Bounds on Parity Violation In the Cosmological Redshift
Brett Altschul, Matthew Mewes

TL;DR
This paper investigates potential parity violation in the cosmological redshift by analyzing how differential redshift for polarized photons could cause depolarization, providing constraints based on gamma-ray burst observations.
Contribution
It introduces a novel approach to test parity violation in gravity through cosmological redshift effects on polarized light, deriving bounds from observational data.
Findings
Right- and left-circular polarization redshift difference constrained to 6 x 10^(-37)
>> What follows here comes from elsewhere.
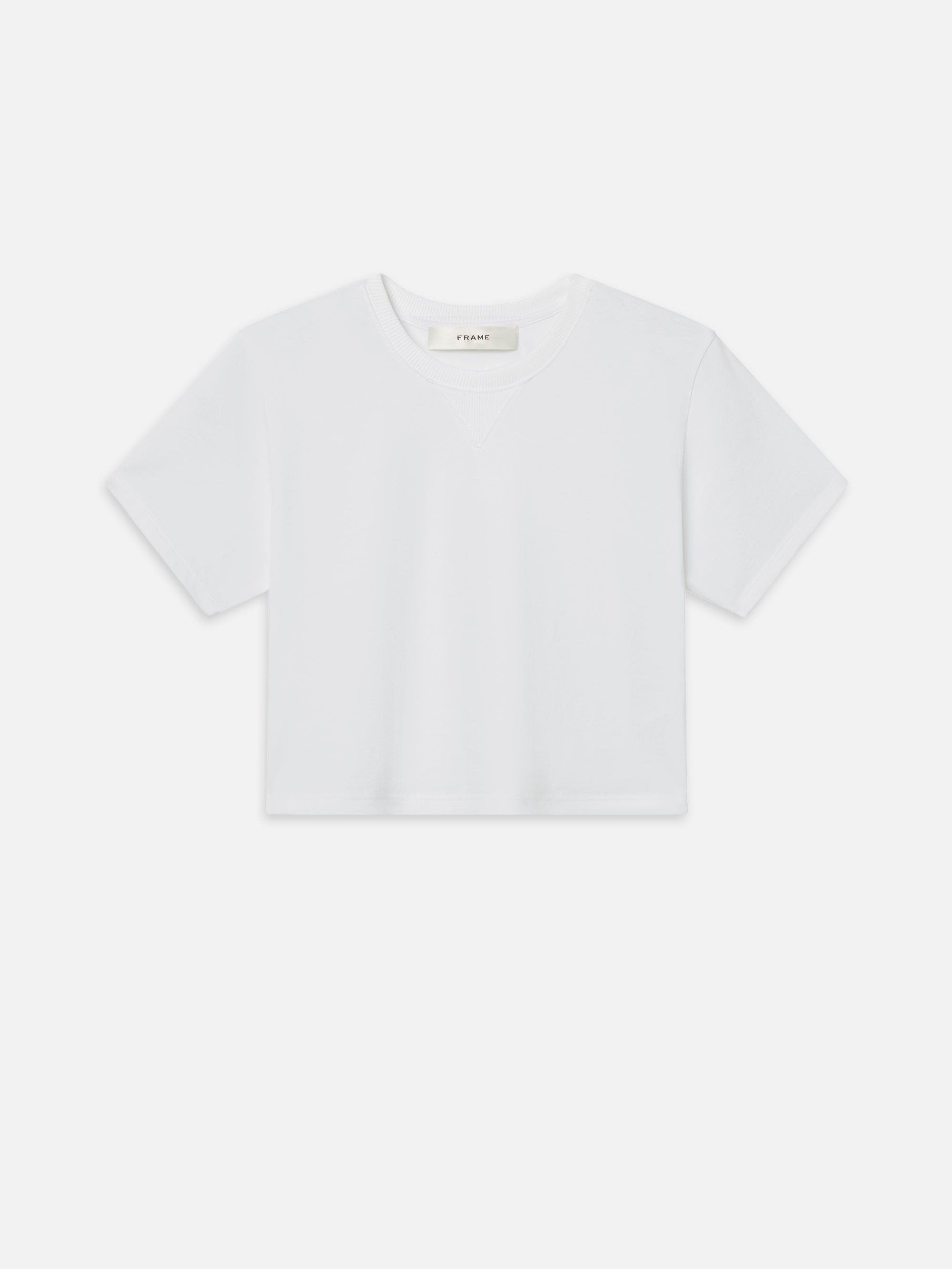 The everyday tee you’ll reach for again and again. Boxy and cropped in midweight organic cotton, designed to skim the waistband and finished with a classic V-insert detail that nods to vintage athleticwear. Materials & Care Machine Wash Cold 100% Organic Cotton 16.875" Long From Shoulder WF25JTE001-WHT

Depolarization signature depends on redshift squared, z^2
No evidence of parity violation observed in gamma-ray burst polarization
Abstract
Parity (P) violation in gravity would be a sure sign of new physics. We examine the possibility of P violation in the cosmological redshift. If right- and left-circularly polarized photons experience the redshift differently, the radiation from distant sources would tend to be depolarized, since the polarizations states would accumulate different phases during propagation. The resulting birefringence has an unusual signature--depending on z^2--quite unlike what is seen in other theories, including those with violation of local boost invariance. The observed broad-spectrum polarization of -ray bursts constrains the fractional difference between the right- and left-handed redshifts at the 6 x 10^(-37) level.